** Opening Provided information block **
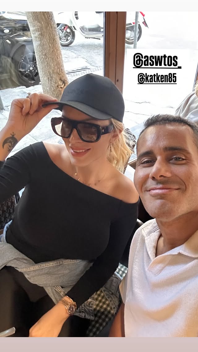 Το μεσημέρι της Κυριακής βγήκε για φαγητό στο μαγαζί του συντρόφου της, Παναγιώτη Κουτσουμπή και πόζαρε με τον Νίκο Γεωργιάδη για μια φωτογραφία την οποία ο δημοσιογράφος πόσταρε στο instagram. Όπως θα δείτε επειδή φοράει κολλητή μπλούζα και κολάν φαίνεται πως έχει πάρει κιλά ενώ έχει κρύψει την κοιλιά της φορώντας μια μπλούζα στη μέση.
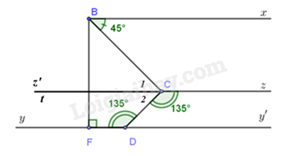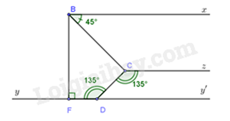 Vì \(\widehat {yDC} + \widehat {CDy'} = 180^\circ \) (hai góc kề bù) nên \(\widehat {CDy'} = 180^\circ - \widehat {yDC} = 180^\circ - 135^\circ = 45^\circ \) (2).
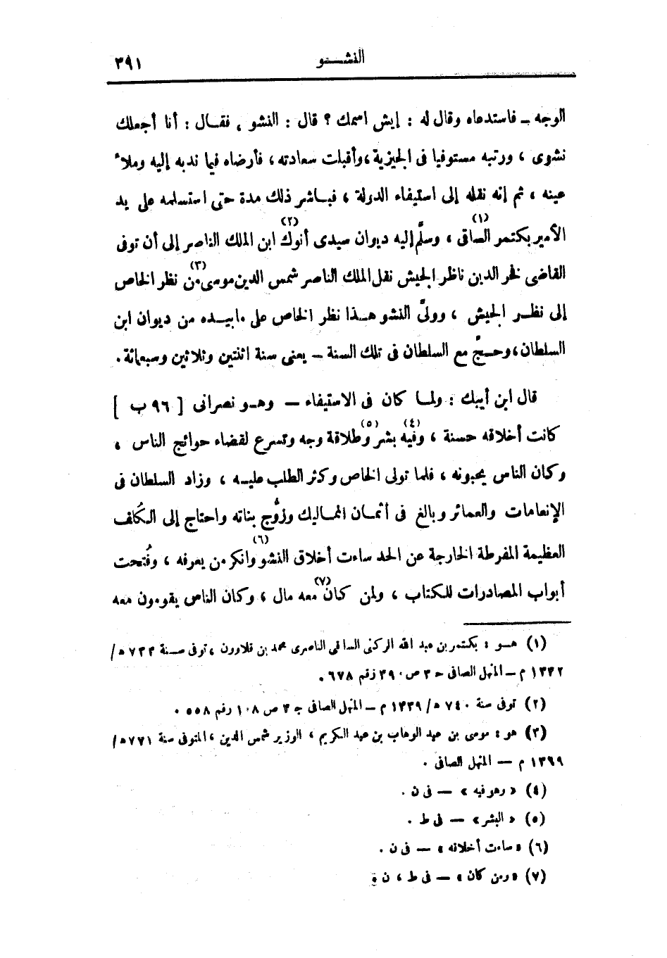 الوجه فاستدعاه وقال له: إيش اسمك؟ قال: النشو، فقال: أنا أجعلك نشوى، ورتبه مستوفياً في الجيزة، وأقبلت سعادته، فأرضاه فيما ندبه إليه وملأ عينه، ثم إنه نقله إلى استيفاء الدولة، فباشر ذلك مدة حتى استسلمه على يد الأمير بكتمر الساقي، وسلم إليه ديوان سيدي أنوك ابن الملك الناصر إلى أن توفي القاضي فخر الدين ناظر الجيش نقل الملك الناصر شمس الدين موسى من نظر الخاص إلى نظر الجيش، وولي النشو هذا نظر الخاص على ما بيده من ديوان ابن السلطان، وحج مع السلطان في تلك السنة يعني سنة اثنتين وثلاثين وسبعمائة.
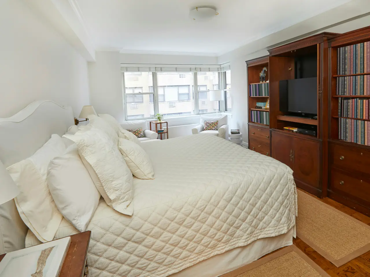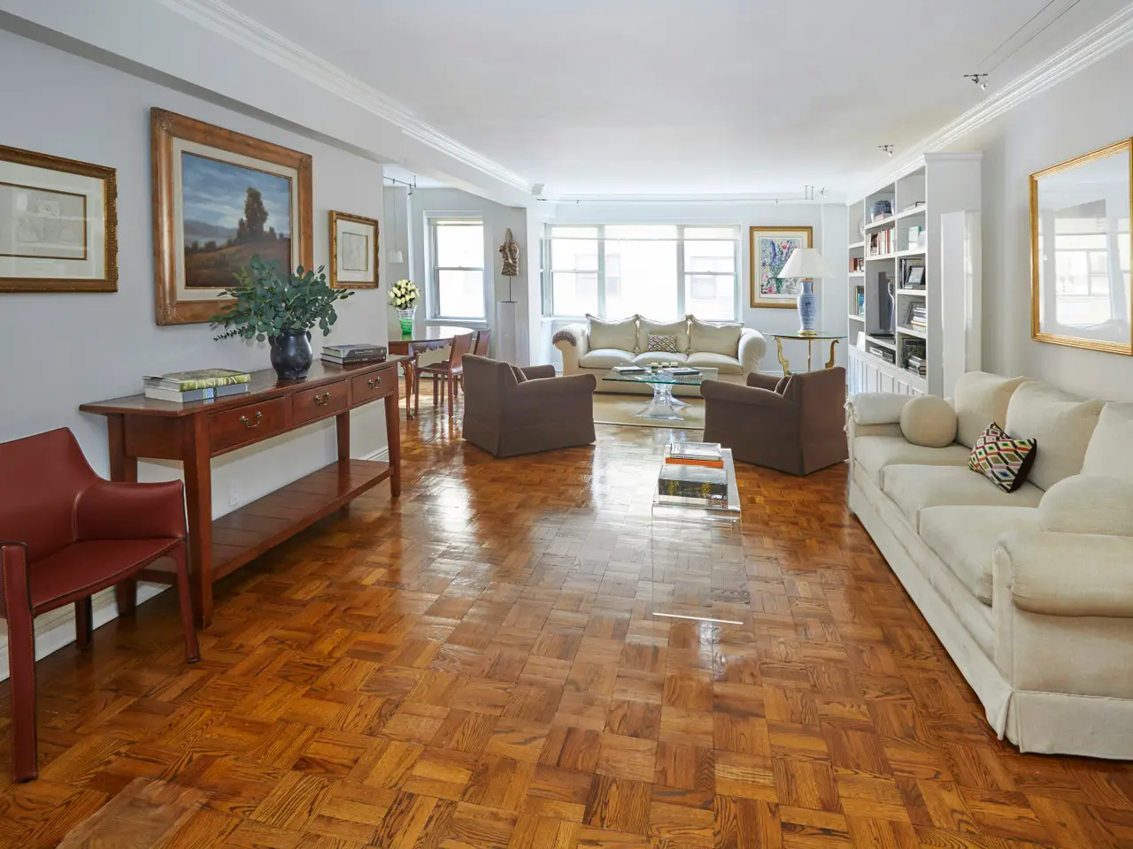 Pretty, spacious two (2) bedroom, two (2) marble bathroom apartment. The kitchen features a Sub-Zero refrigerator and black absolute granite counter tops. There are beautiful crown moldings throughout. The apartment faces South into the exquisite gardens and allows for peaceful, quiet living. 1025 Fifth Avenue is a white glove, full-service building with 24 hour doorman and concierge across from The Metropolitan Museum of Art. Amenities include a state-of-the-art gym, a lending library, and garage with reduced rates for shareholders. Pets and washer/dryers are permitted with board approval. 75% financing and a 2% flip tax paid by the buyer.
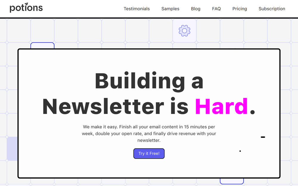 Potions: Effortlessly build and send engaging newsletters in 15 minutes weekly. Double open rates and drive revenue.
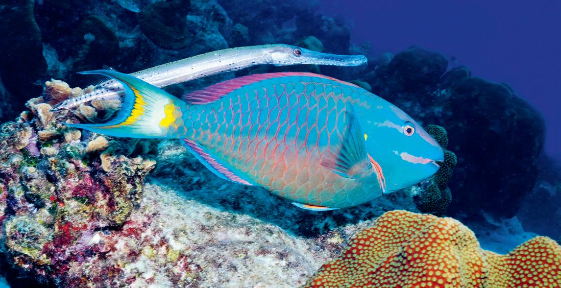 The trumpetfish is a predator that lives near coral reefs. People diving near the reefs had noticed that trumpetfish often swim very close to large, non-predatory fish that they don’t eat, such as parrotfish. But why would trumpetfish want to hang out alongside parrotfish?
** Closing Provided information block **
§ **Directions**
Only the lines from the one containing "Potions: Effortlessly build" through the end of the records are wanted, set down exactly and without their pictures.

§ **Task solution**
 Potions: Effortlessly build and send engaging newsletters in 15 minutes weekly. Double open rates and drive revenue.
 The trumpetfish is a predator that lives near coral reefs. People diving near the reefs had noticed that trumpetfish often swim very close to large, non-predatory fish that they don’t eat, such as parrotfish. But why would trumpetfish want to hang out alongside parrotfish?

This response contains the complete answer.